Considered in particular is a rocket engine combustion chamber extending in a longitudinal direction defined by its axis of symmetry, the combustion chamber therefore being substantially rotationally symmetrical. The axis of symmetry is therefore contained in the combustion chamber, unlike cases of annular combustion chambers. In such combustion chambers, the propellants (fuel and oxidizer fluid, for example liquid hydrogen and liquid oxygen) are injected at one end 11 of the chamber 10 by injectors. FIG. 1 shows such a combustion chamber 10. The combustion reaction of the propellants produces combustion gases (for example water vapor) that are expelled by a neck 15 situated opposite the injectors.
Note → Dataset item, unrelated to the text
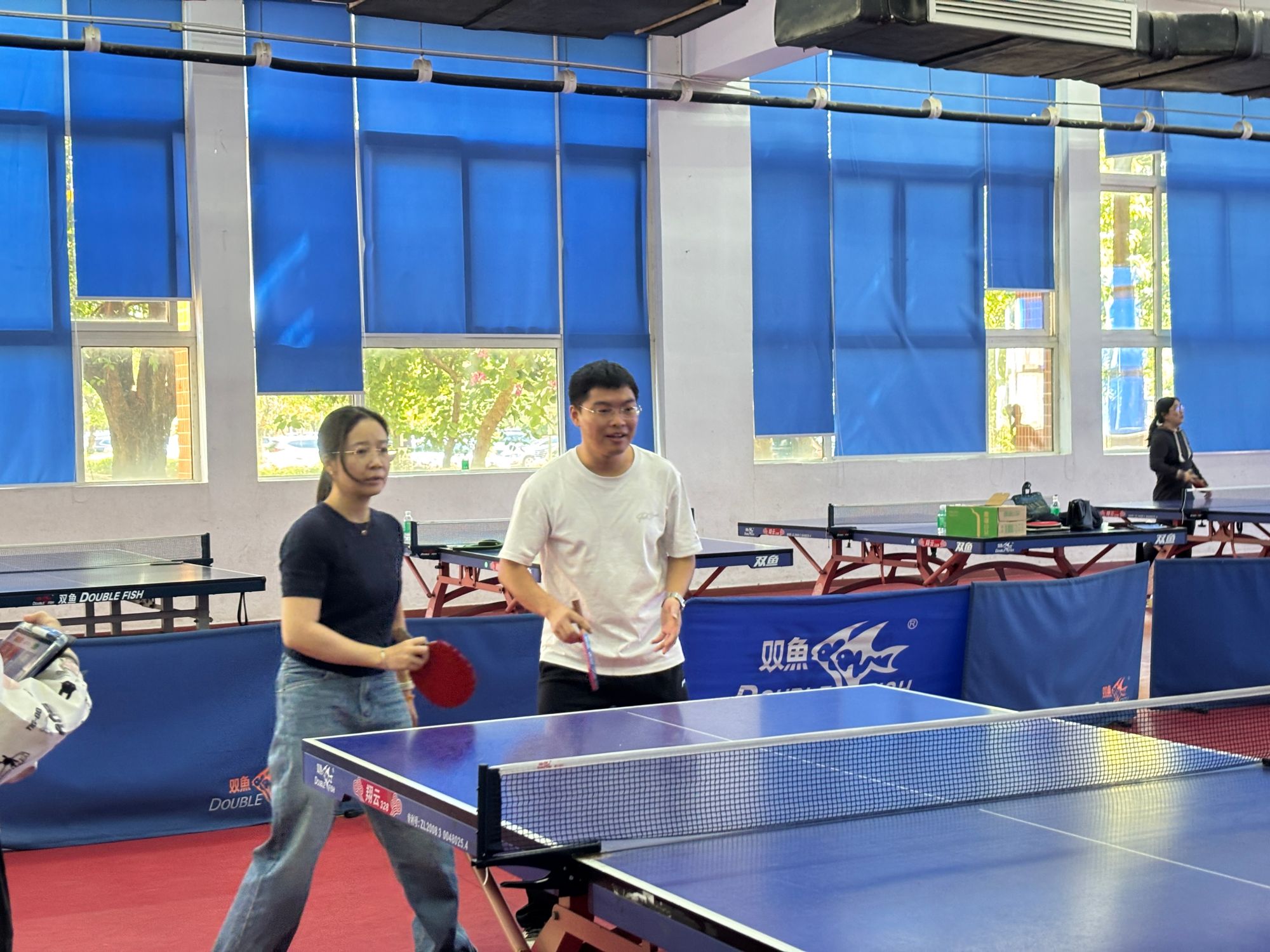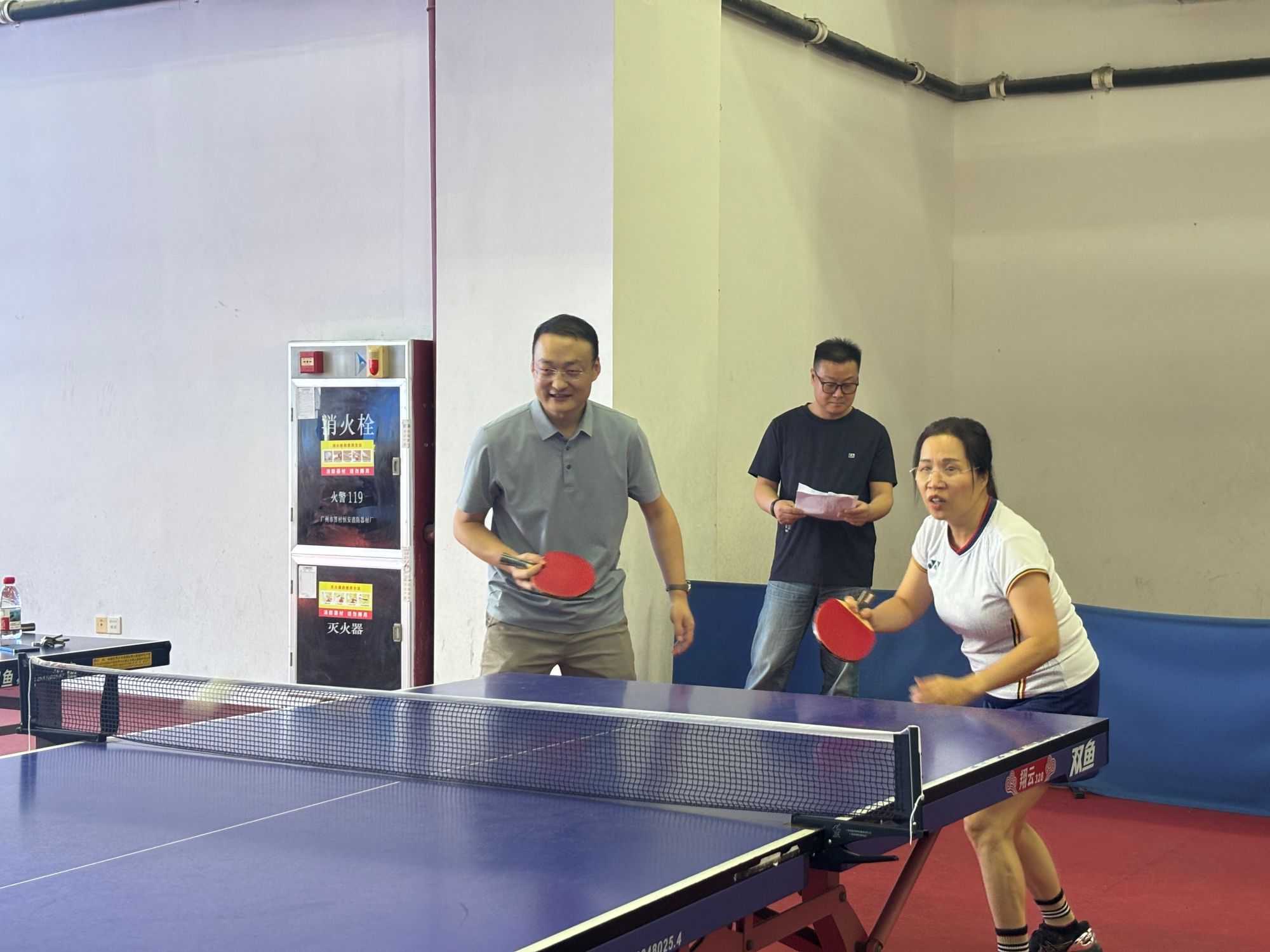 在比赛前期,学院部门工会积极筹备,贴心做好各项服务工作。特别邀请第十工会小组长陈炜老师出任教练,悉心指导参赛队员钻研乒乓球技巧。而在比赛进程中,又邀请组织委员王智明老师担任裁判,有条不紊地组织协调学生裁判,赛事得以顺利完成。

Downstream of the neck 15 (location of the combustion chamber with the smallest section), the chamber flares by a divergent section 20, which makes it possible to increase the speed of the combustion gases expelled through the neck 15, and therefore the thrust delivered by the engine. This divergent section 20 of the chamber 10 extends downstream via a divergent section 80 of the rocket engine. This divergent section 80 is fixed to the downstream end 25 of the divergent section 20 of the chamber 10, and is a separate part of the rocket engine from the combustion chamber 10.
The walls of the combustion chamber 10 are typically made from copper or a copper alloy, which offers the best compromise between thermomechanical resistance and thermal conductivity. During the operation of the rocket engine, these walls, including the wall 30 of the divergent section 20, are brought to very high temperatures (the combustion gases can be at a temperature in the vicinity of 3500 K upstream of the neck in the case of oxygen and hydrogen combustion) and must be cooled (their temperature at the neck must not exceed 1000 K) in order to keep their mechanical properties. The most common method for performing this cooling consists of circulating one of the propellants in or in contact with the wall 30 of the divergent section 20 of the chamber 10 because these propellants are at a very low temperature.
In fact, the propellants currently used are liquefied gases (to minimize their volume), and are therefore at a very low temperature when they are injected into the combustion chamber 10. As a result, these propellants circulating (before their injection) around the wall 30 of the divergent section 20 are at a temperature (20 K to 100 K) that is much lower than the ambient temperature. Ambient temperature refers to a temperature of about 300 K.
This propellant circulation makes it possible to cool the wall 30 such that, during operation of the engine, the temperature of the inner face 32 of the wall 30 is lower than the condensation temperature of the combustion gases escaping through the divergent section 20. For example, the temperature of the inner face 32 is less than 400 K, for example less than 300 K. As a result, the combustion gases (water vapor in the case of an oxygen-hydrogen combustion) circulating in the divergent section 20 along the wall 30 condense on the inner face 32 of said wall 30, which is undesirable.
Indeed, this condensation causes streaming along this inner face 32, which disrupts the flow of the combustion gases. Moreover, this condensation locally causes variations in the temperature of the inner face 32, which locally generates important stresses that can lead to a decrease in the lifetime of the chamber. It is therefore necessary to increase the temperature of the inner face 32 of said wall 30 in order to eliminate that condensation.
One solution considered to increase the temperature of said inner face 32 consists of increasing its roughness so as to increase the exchange surface of said inner face 32 with the combustion gases (water vapor in the case of an oxygen-hydrogen combustion) of the inside of the chamber. However, this solution is difficult to carry out because said roughness must be very fine for the exchange surface to be increased enough. Furthermore, modeling heat exchanges is very complex in the case of such a rough surface.